Sunday, January 31, 2010

VUSD new schools are trailer parks with leaky roofs?

Recently our ANTI friends have taken to inaccurately attacking our new elementary schools in VUSD as trailer parks with leaky roofs. Here is an example of ANTI rhetoric from a blogger who calls herself "Roxy"

"You talk about building schools? Which schools? You mean those trailer parks with leaky roofs, and moldy classrooms? These trailer parks look more like prisons, what the heck I guess preparing kids for their future penitentiary is a noble cause right?"

You can read the rest of Roxy's January 29, 2010 comment made at 9:06 pm here:

http://www.nctimes.com/news/local/vista/article_5d484135-59db-577e-8f37-22631a428030.html?mode=comments

Roxy is a venom tongued example of the inaccurate charges and challenges from our ANTI friends that all good taxpayers, teachers and students face.

Let me correct some of her inaccuracies.

Classrooms at the new schools are brand new, state of the art, modular classrooms not cheap trailers. These state of the art buildings have many advantages over traditional stick and mortar schools.

First they are cheaper to build.

Second they contain more bells and whistles--built in AV equipment and a microphone and speaker system for the teachers so that all students are given equal opportunity to hear the instructors voice. Teachers love these modular classrooms and actively compete to be placed in one.

Third, these modular classrooms make more sense for school districts with changing student population centers then do the the old fashioned stick and mortar buildings of schools built decades ago. The modulars allow the district to affordably shift classrooms from one location in the district to another to quickly accommodate student populations changes. Virtually all California districts are using these modular classrooms for new school construction for just that reason.

In the past as neighborhoods aged and student populations declined, the only choice a district had was to close down schools with declining enrollment or bus students long distances from areas of rapid growth to these older schools.
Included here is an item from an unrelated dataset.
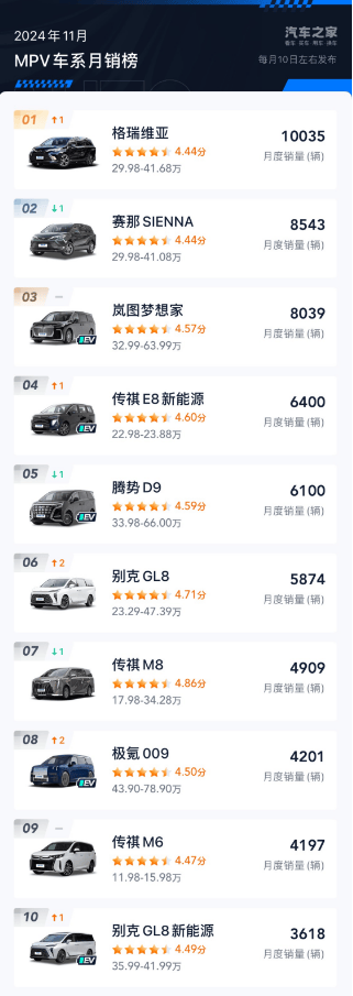 11月份MPV銷量排行榜前十名出爐,新能源MPV和燃油車MPV各占5席位,MPV市場(chǎng)的新能源MPV越來(lái)越多,小眾市場(chǎng)也不小眾了。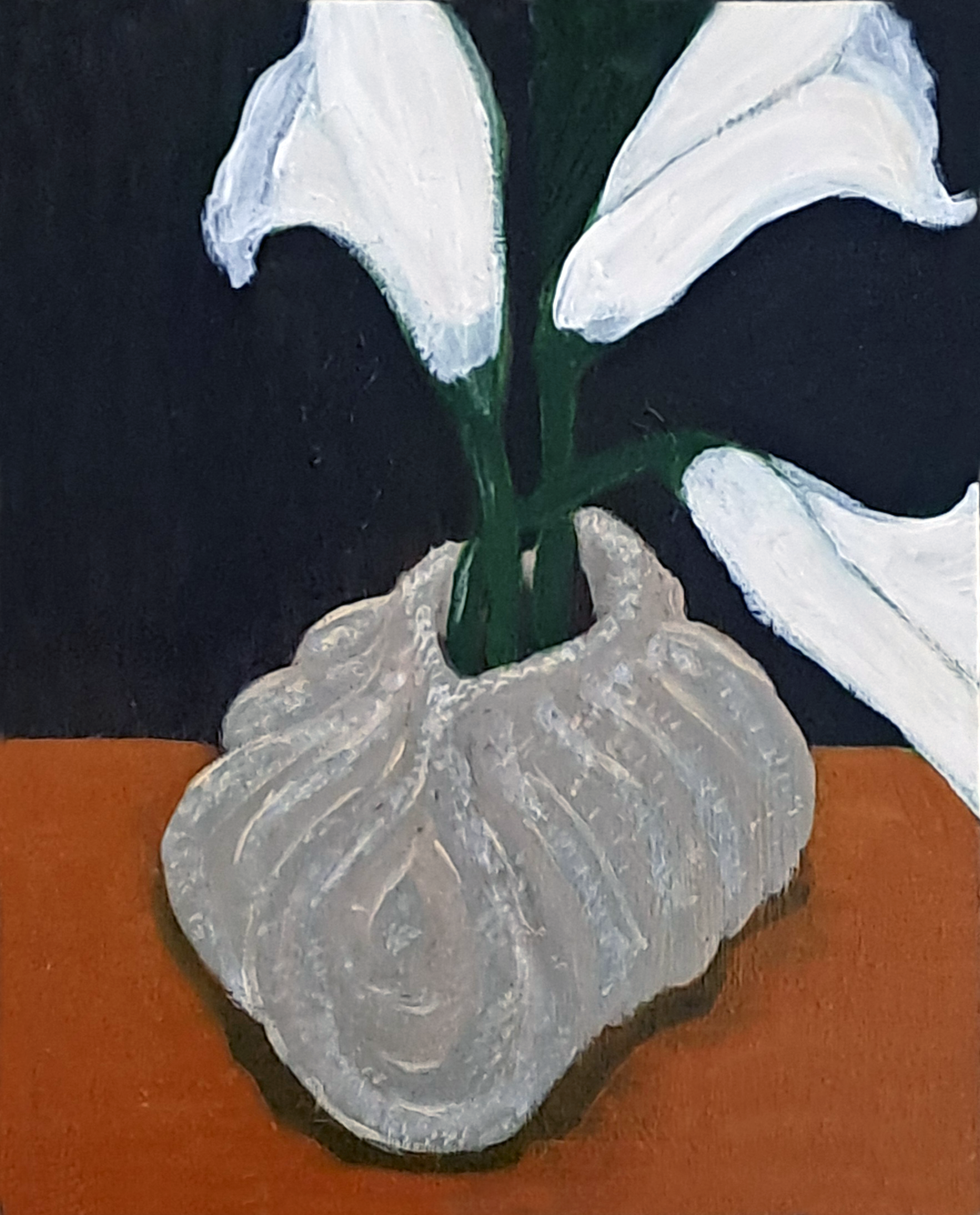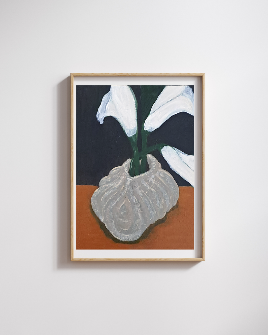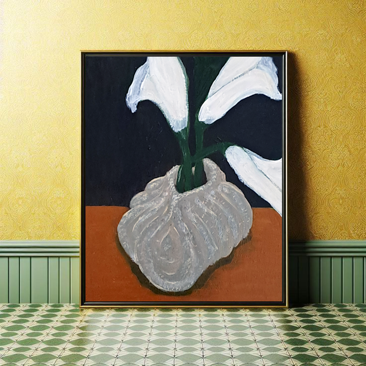 Inspiration: This piece celebrates the timeless beauty of calla lilies symbols of purity, rebirth, and quiet strength. The textured ceramic vase adds depth and character, while the dark backdrop enhances the flowers’ radiant simplicity.

With modulars, VUSD will be able to shift classrooms to new sites as the population shifts. This ability to move modulars will reduce the need for bond issues to build new schools.

Modulars are a win win for taxpayers. Cheaper to install now and cheaper in the future when they are moved to existing school sites to accomodate growth rather than the district being forced to build new schools at taxpayer expense.

Our ANTI friends could not be more wrong about the need to use modular buildings.

Roxy was a little bit correct in one area, there was a problem at one of our schools with one contractor who provided and erected some of the modulars. There were leaks. They have been repaired. That happens in construction. Not all workmen and not all contractors work to the standard we all would like to see. When that happens they are required to fix the problems by contract. Who does not expect to see some glitch with new construction?

Our ANTI friends concentrate on one small problem and miss the glorious whole of seven new schools in VUSD and the renovations at several others. (Maybe the number of new schools should be counted as eight if the Mission Meadows is a dual magnet high school?)

Our ANTI friends opposed each of our four school bond attempts, Prop K, Prop L, Prop LL and Prop O. Thankfully we finally crossed the two thirds of the electorate hurtle with Prop O and were able to build new schools in spite of our ANTI friends best attempts to stop all new public schools from being built in VUSD.

Here is a list of new schools built by Prop O bond: Hannalei Elementary School, Major General Murray Raymond High School, Maryland Elementary School, Mission Vista High School, Rancho Minerva Middle School, Temple Heights Elementary School, Guajome Park Academy permanent buildings, and major renovations at Vista Magnet Middle School among others.